Net income actually fell for both periods on a one-time impairment charge related to Google's equity investments in archrival AOL and WiMax provider Clearwire Corp. (Nasdaq:CLWR), but ended up firmly in positive territory at $13.31 per diluted share for the full year. Yet operating cash flow improved an impressive $7.9 billion (36%), with free cash flow after subtracting out capital expenditure of $2.4 billion (62%) up a whopping $5.5 billion ($17.30 per share).

Market Environment
Sales growth is expected to slow considerably for the coming year and could even drop into the single digits, though analysts currently project it to pick up again in 2010. That implies profit expansion opportunities will remain limited as well, which isn't bad considering advertising spending is one of the first to be cut by companies in tougher economic times. Still, the migration of advertising to the internet at the expense of traditional print, television, and other avenues will continue to work to the advantage of Google and rivals, such as Time Warner's (NYSE:TWX) AOL, Yahoo! (Nasdaq:YHOO), and IAC/InterActiveCorp's (Nasdaq:IACI) ask.com.

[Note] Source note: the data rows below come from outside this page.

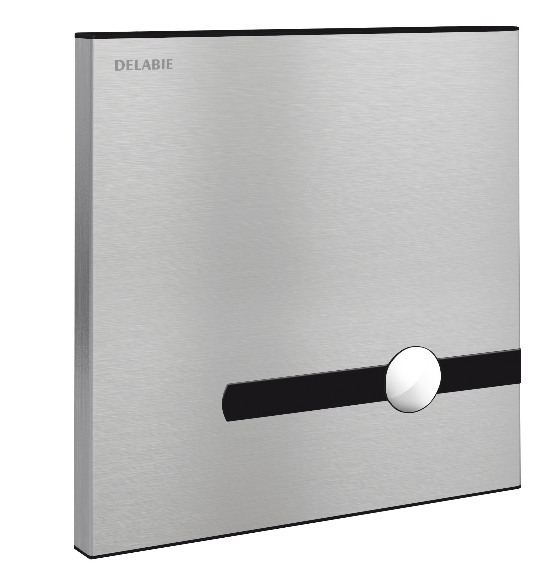 Afwerking plaat in mat gepolijst rvs en drukknop in verchroomd metaal.
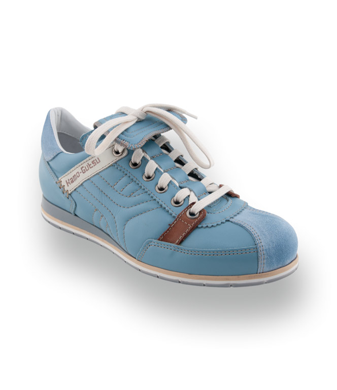 Der Kamo Gutsu Tifo 015 für Damen interpretiert den klassischen Look alter Sportschuhe völlig neu. Das Obermaterial aus superweichem, abgestepptem Glattleder in einem frischen Hellblau sorgt für eine besonders edle Optik. Das modische Highlight dieses Modells ist die umgeklappte Lederlasche am Schaftabschluss oberhalb der Schnürung, die dem Sneaker eine feminine und zugleich avantgardistische Note verleiht.
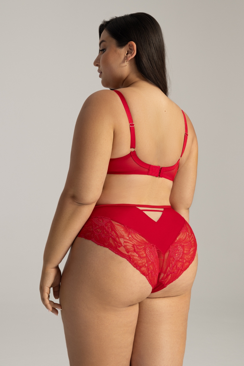 Бюстгальтер 1824/1 выполнен в цвете Барбадосская вишня на косточках, чашки мягкие, шитые из сетки телесного цвета и кружева, не сшитыми между собой, с боковым подкроем, между чашек металлическое украшение с кристаллами, спинка из стабилизирующей сетки, бретельки не отстгиваются, регулируются по длине. На спине застжка на удлинитель на 2 или 3 крючка. В зоне декольте декоративные тонкие стрэпы, регулируемые по длине, фурнитура металлическая цвета меди. Бюстгальтер идеально сочетается с трусиками арт. 1824/1. - обещание пламенного романа!1824/1 M бюст (красн)
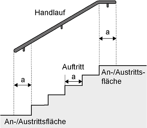 (25) Für blinde Beschäftigte und Beschäftigte mit Sehbehinderung müssen die Enden der wandseitigen Handläufe am Anfang und Ende von Treppen um das Maß des Auftritts an der An- bzw. Austrittsfläche fortgeführt werden (Abb. 2). Am Treppenauge darf der Handlauf nicht um das Maß des Auftritts fortgeführt werden. Die Enden der Handläufe sollen abgerundet sein und nach unten oder zur Wandseite auslaufen. Halterungen für Handläufe sollen an der Unterseite angeordnet sein.
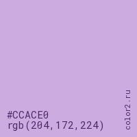Цвет #CCACE0 в цветовой модели RGB обозначается тремя октетами (204, 172, 224) в десятичном формате и #CCACE0 в шестнадцатиричном (hex) формате, которые являются интенсивностью красного 204 (hex CC), интенсивность зелёного 172 (hex AC) и интенсивность синего 224 (hex E0).
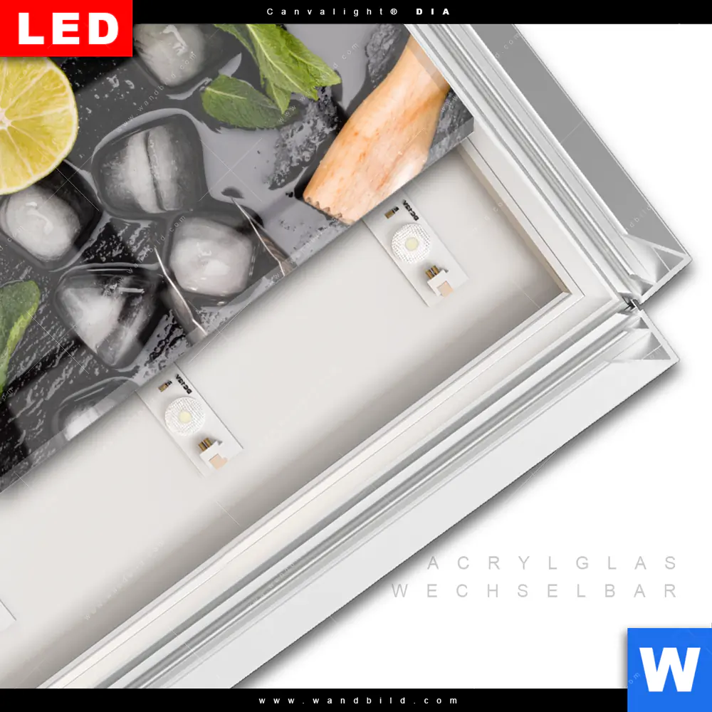 Canvalight® DIA Leuchtbild | Perfekte Zutaten für Cocktails | Quadrat

Google is picking up the lion's share of this growth. AOL recently announced job cuts as it works through a sales slowdown and speculation grows that it may be looking to combine forces in some form with the rest of the second-tier players like Yahoo!. And speaking of Yahoo!, its reported fourth quarter sales fell 1% as it grapples with a challenging external market, first losses since the last slowdown in 2002, sliding market share, and a new CEO.

Bottom Line
Google can be commended for its dominant share of the online search business and the revenue associated with targeted advertising. However, at 19-times trailing free cash flow, the shares are still too high for those seeking an investment bargain. Growth is still robust and may accelerate again along with a recovery in worldwide economies, but I am reminded that Yahoo! was the industry leader not that long ago; meaning technology changes can occur rapidly and can quickly alter the industry pecking order. In other words, Google may have fallen to earth, but it still hasn't fallen to the basement where its risk/reward potential is more favorably balanced.